“Pues fíjese, don Chofo, que anoche fui a echar un mi ‘tetelque’ al lupanar de la Mariyona Camacho; pero la peperecha que me tocó es de aquellas que ni ha empezado uno a pujar cuando ya lo están bajando: que apurate; que tengo cola de clientes; que otra vez comé curiles para que vengás de punto; que... en fin.

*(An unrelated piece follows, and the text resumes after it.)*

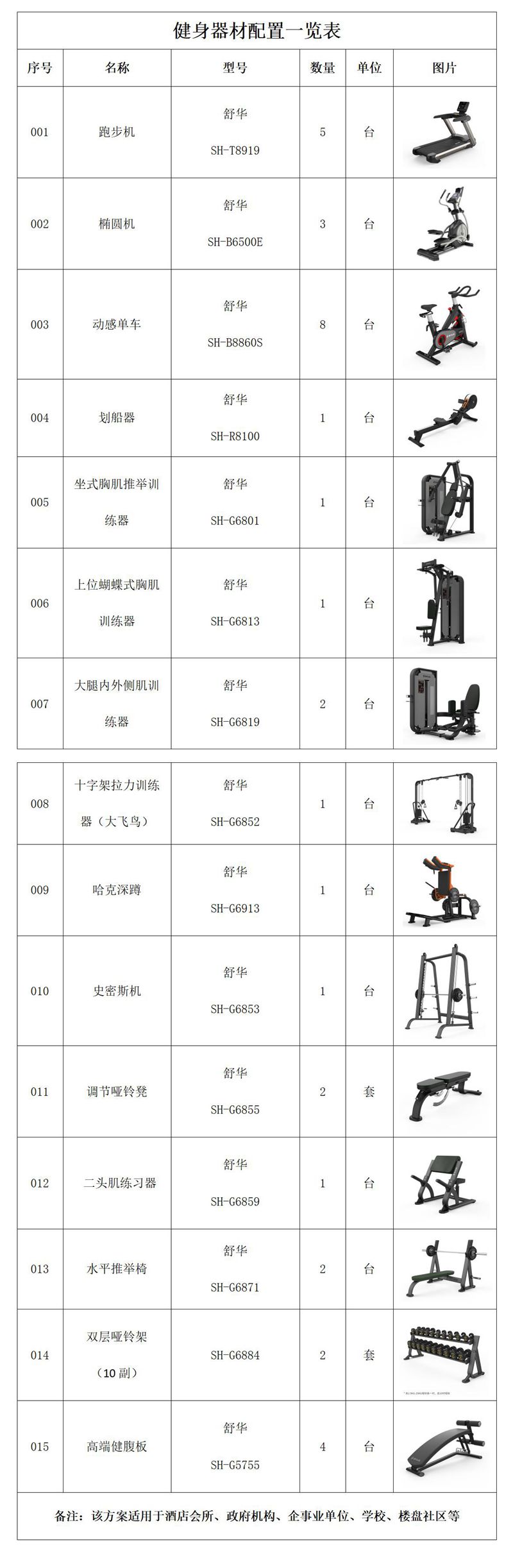 健身器材配置说明

Antes, uno iba a Las Cachorras, el bebedero del barrio de Concepción. ¡Y por diez colones tenía su hora y media! Y aquella con la que uno se acostaba le oía los problemas. Hoy no. Hoy cobran cinco dólares, ¡o sea cuarentitrés colones con setenta y cinco centavos!, y al primer puyón ya quieren que uno vaya para abajo. ¡No hay derecho!
Porque mire, don Chofo, hay veces que uno tiene problemas con la propia mujer, que no halla con quién desembucharlos. (...) No. Si la Berta y yo nos llevamos bien. (...) Lo que pasa es que ya no congeniamos en la cama. Y todo porque ella, después del segundo y último cipote, dijo a comer como desplazada. En el desayuno: dos huevos estrellados, tamal, volcán de casamiento, dos plátanos fritos, cinco panes, tazada de café y su pedazo de semita alta ‘ayúdame a vivir’ o ‘chicle de caballo’, como le dicen. En el almuerzo y en la cena: ¡otra mortandad! Yo le decía: ‘No comás tanto’; pero ¡campas! Cuando vino a sentir, ¡estaba así, mire! Ahí empezaron los problemas.
Si queremos hacer ‘el perrito’, ella se logra poner en cuatro patas; pero cuando le miro semejante nalgatorio como que es cerro partido, se me va el entusiasmo. ¡Y empieza ella: que quizás tenés otra; que antes medio te bailaba en fustán y ya estabas templado; que hoy, aunque me chuloneye, no te pasa nada!
Si decidimos ‘gallina asada’, el tucherío se le zangoloteya tanto, que a cada envite le hace plocosh, plocosh. Y mi suegra, que en todo está menos en misa, ya sale diciendo –¡a buenas dos de la mañana!–: ‘Oí, Indalecio. El chucho quizás se está hartando el chilate de los cuches’. Y a esa hora: ¡a levantarse uno a ver si el chucho anda por ahí, para que mi suegra pueda dormir tranquila!
Si intentamos ‘armas al hombro’, capaz que me desrabadilla. Así que me fui viendo obligado a ir a donde la Mariyona. No tiene tan buenas mujeres; pero lo sacan de apuro a uno. Mire: a mí me gusta que la mujer tenga de donde agarrarse, pero no tanto que le cuelgue. (...) No. Si yo a la Berta la quiero. El problema es que toda pareja empieza a tronar en la cama. Y de ahí viene la separación. Y yo tengo miedo de que eso pueda pasarnos. Los cipotes necesitan de los dos tatas... (...)
Sí. También lo he pensado. Sobre todo hoy que dicen que hasta los viejitos están agarrando el sida. Yo tengo cuarentitantos; pero esa enfermedad no hace distingos. Y lo peor es que no me gusta el condón. (...) Porque mata el gusto. ¿Y por qué otra cosa va a ser? Pues como le decía...” Y don Indalecio Merino prosiguió con su personal rosario kamasútrico.
“¡Ah, nosotros los humanos! Tenía razón Samaniego, en su fábula sobre las moscas y el panal”, se dijo don Sofonías Pereira, terminada la confidencia. Y fue rememorando los versos del antiguo fabulista: “Así, si bien se examina,/ los humanos corazones/ perecen en las prisiones/ del vicio que los domina”.